Task item.
Nothing but the lines below from the one holding "Pink Poppy's Shimmering" up to and including the one holding "- Тумба под" should be copied, exactly and without pictures.

Data for this task.
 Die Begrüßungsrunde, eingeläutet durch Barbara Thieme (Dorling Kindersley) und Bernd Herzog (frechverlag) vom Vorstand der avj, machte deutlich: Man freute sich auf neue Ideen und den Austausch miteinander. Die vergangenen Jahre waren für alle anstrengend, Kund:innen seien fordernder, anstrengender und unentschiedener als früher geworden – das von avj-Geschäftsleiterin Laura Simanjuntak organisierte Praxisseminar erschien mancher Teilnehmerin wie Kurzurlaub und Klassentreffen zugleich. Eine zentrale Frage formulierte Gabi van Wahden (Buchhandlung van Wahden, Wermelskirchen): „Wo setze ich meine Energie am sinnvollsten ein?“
...
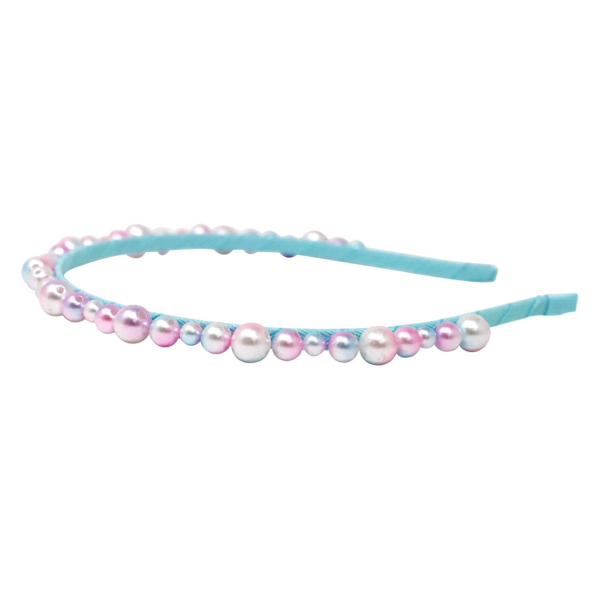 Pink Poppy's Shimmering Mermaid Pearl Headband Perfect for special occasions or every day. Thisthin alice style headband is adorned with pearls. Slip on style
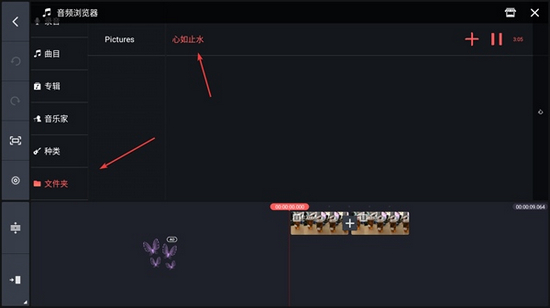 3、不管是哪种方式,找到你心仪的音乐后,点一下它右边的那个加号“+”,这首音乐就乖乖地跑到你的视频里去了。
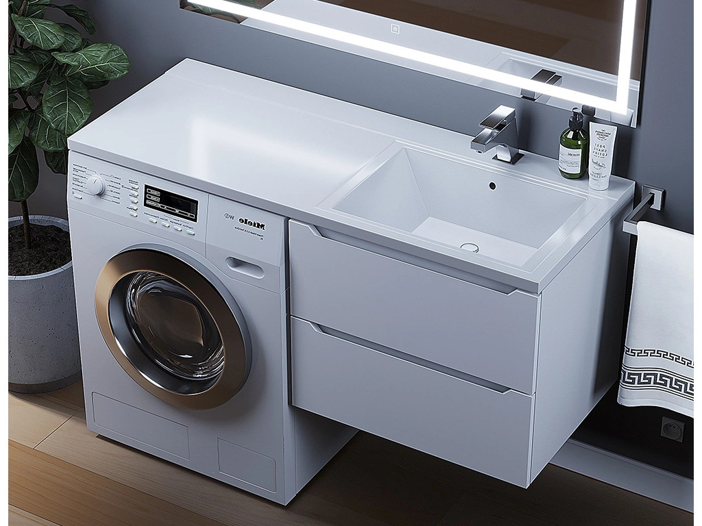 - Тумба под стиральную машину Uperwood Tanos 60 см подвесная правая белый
---
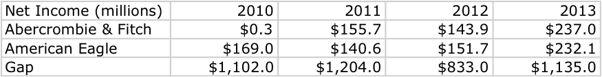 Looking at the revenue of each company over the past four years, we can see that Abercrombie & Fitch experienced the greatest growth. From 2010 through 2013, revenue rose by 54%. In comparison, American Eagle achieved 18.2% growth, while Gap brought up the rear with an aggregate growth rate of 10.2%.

Response to this exercise.
 Pink Poppy's Shimmering Mermaid Pearl Headband Perfect for special occasions or every day. Thisthin alice style headband is adorned with pearls. Slip on style
 3、不管是哪种方式,找到你心仪的音乐后,点一下它右边的那个加号“+”,这首音乐就乖乖地跑到你的视频里去了。
 - Тумба под стиральную машину Uperwood Tanos 60 см подвесная правая белый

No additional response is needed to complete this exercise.